### Source data
---------------
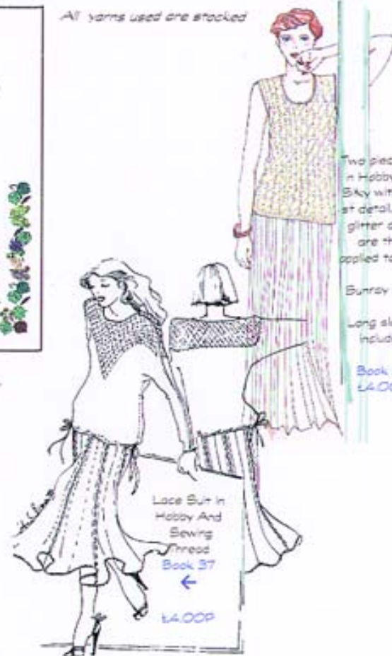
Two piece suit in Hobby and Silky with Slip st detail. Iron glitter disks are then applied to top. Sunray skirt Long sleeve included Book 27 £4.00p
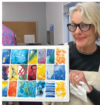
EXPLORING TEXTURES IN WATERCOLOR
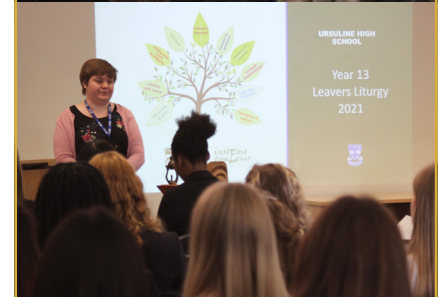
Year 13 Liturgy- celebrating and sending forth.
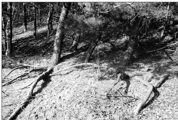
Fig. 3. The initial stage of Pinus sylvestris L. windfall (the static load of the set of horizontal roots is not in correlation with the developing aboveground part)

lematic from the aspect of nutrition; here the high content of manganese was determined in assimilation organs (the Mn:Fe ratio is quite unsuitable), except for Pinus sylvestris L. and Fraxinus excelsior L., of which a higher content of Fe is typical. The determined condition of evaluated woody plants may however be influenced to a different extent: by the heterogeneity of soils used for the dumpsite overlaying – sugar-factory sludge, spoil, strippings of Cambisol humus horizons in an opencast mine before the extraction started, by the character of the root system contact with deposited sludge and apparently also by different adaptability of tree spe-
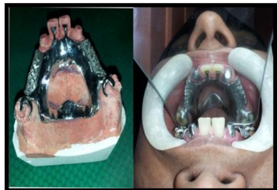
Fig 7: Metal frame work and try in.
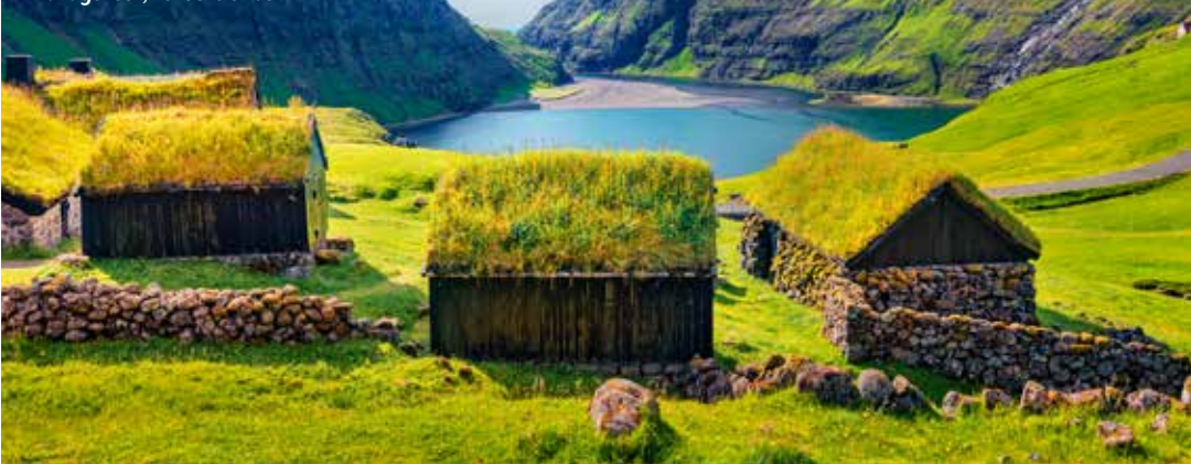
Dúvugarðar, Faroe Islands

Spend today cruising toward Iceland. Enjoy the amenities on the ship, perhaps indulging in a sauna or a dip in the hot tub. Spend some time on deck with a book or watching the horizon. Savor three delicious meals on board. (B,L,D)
---------------
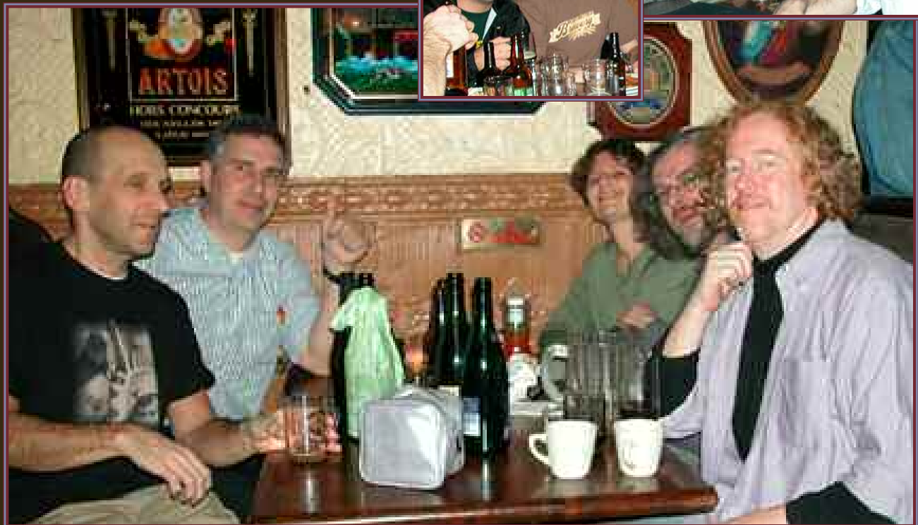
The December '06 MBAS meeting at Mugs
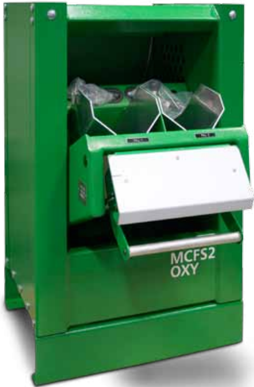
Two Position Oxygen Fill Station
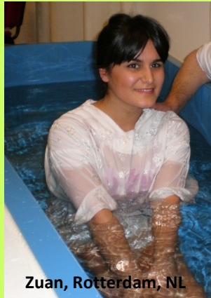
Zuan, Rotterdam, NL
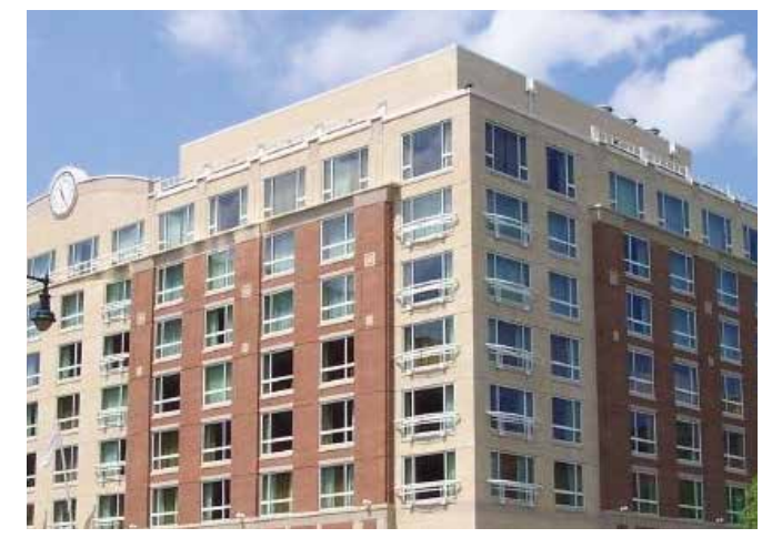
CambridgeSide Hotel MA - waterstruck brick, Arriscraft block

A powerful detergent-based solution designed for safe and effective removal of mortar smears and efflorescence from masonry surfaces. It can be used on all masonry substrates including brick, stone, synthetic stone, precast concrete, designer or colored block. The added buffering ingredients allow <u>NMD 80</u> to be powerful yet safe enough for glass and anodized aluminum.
---------------
### Exercise prompt
Once the line with "EXPLORING TEXTURES IN WATERCOLOR" has been found above, output that line and every later line exactly, stopping after the line with "Fig. 3. The", and omit the pictures.

### Exercise output
EXPLORING TEXTURES IN WATERCOLOR
Year 13 Liturgy- celebrating and sending forth.
Fig. 3. The initial stage of Pinus sylvestris L. windfall (the static load of the set of horizontal roots is not in correlation with the developing aboveground part)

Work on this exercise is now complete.